Brazilian historical house

The House of Ulhôa Cintra (Casa de Ulhôa Cintra), also known as the House of Minister (Casa dos Ministérios) is a historic residence in Caçapava do Sul, Rio Grande do Sul, Brazil. It was built in the middle of the 19th century and was a meeting place of figures associated with the Ragamuffin War; it notably housed the printing press of their newspaper, O Povo. It was subsequently owned by José Pinheiro de Ulhôa Cintra and his family. The house is in a simple Portuguese colonial style, and covers 435 m2. Casa de Ulhôa Cintra was listed as a historic structure by the Historic and Artistic Heritage Institute of Rio Grande do Sul in 1994.

==Location==

The House of Ulhôa Cintra is located on the corner of Rua 7 de Setembro and Rua Borges de Medeiros. It is one of many historic structures that surround the broad public plaza surrounded the Parish Church of Our Lady of the Assumption (Igreja Matriz Nossa Senhora Da Assunção).

==History==

The House of Ulhôa Cintra is associated with the Ragamuffin War, a Republican uprising in Rio Grande do Sul. The conflict began in 1835 and only ended in 1845. The mansion once housed the typographic works of O Povo, the official newspaper of the Ragamuffin revolution. 116 of the 160 issues of the newspaper were printed at the house. The Farroupilhas, supporters of the Ragamuffin War, called the house the Casa de Reunião, or meeting house. The house became the residence of Ulhôa Cintra and his family after the end of the Ragamuffin War. It was later used to exhibit films and house a small museum, but its successive owners made few alterations to the house, and it retains many of its original details.

==Structure==

The House of Ulhôa Cintra is a single-story house built in the late Portuguese colonial style; it is typical of other houses built in the first half of the 19th century in Brazil. It has a tiled hipped roof with eaves and a simple cymatium. The house sits above, but in close alignment to the street. It has two doors, each accessed by steps. There are four sash windows at the front of the building, and two to the side. All have internal shutters of wood. An ornate relief, probably the coat-of-arms of the Cintra family, is above window level in the middle of the north façade. The house has a rectangular floor plan and covers 435 m2.
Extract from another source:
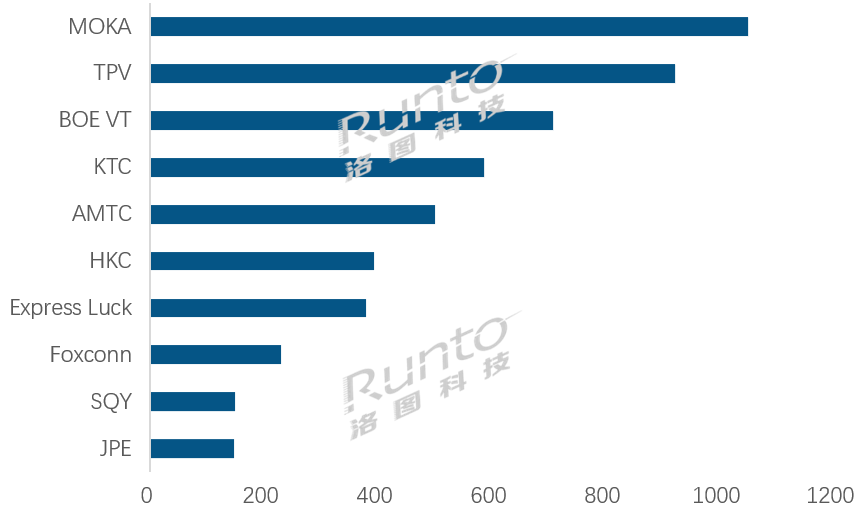 2月,在统计范围内的10家专业工厂中,有六家同比上涨,其中,MOKA(茂佳)、TPV(冠捷)、BOE VT(视讯)、KTC(康冠)等排名领先的前四大工厂均实现了增长。

Casa de Ulhôa Cintra is in advanced state of disrepair, and is unused due to a partial roof collapse.

==Protected status==

Casa de Ulhôa Cintra was listed as a historic structure by the Historic and Artistic Heritage Institute of Rio Grande do Sul (Instituto do Patrimônio Histórico e Artístico do Estado) (IPHAE) in 1994.

==Access==

Casa de Ulhôa Cintra is not open to the public and may not be visited.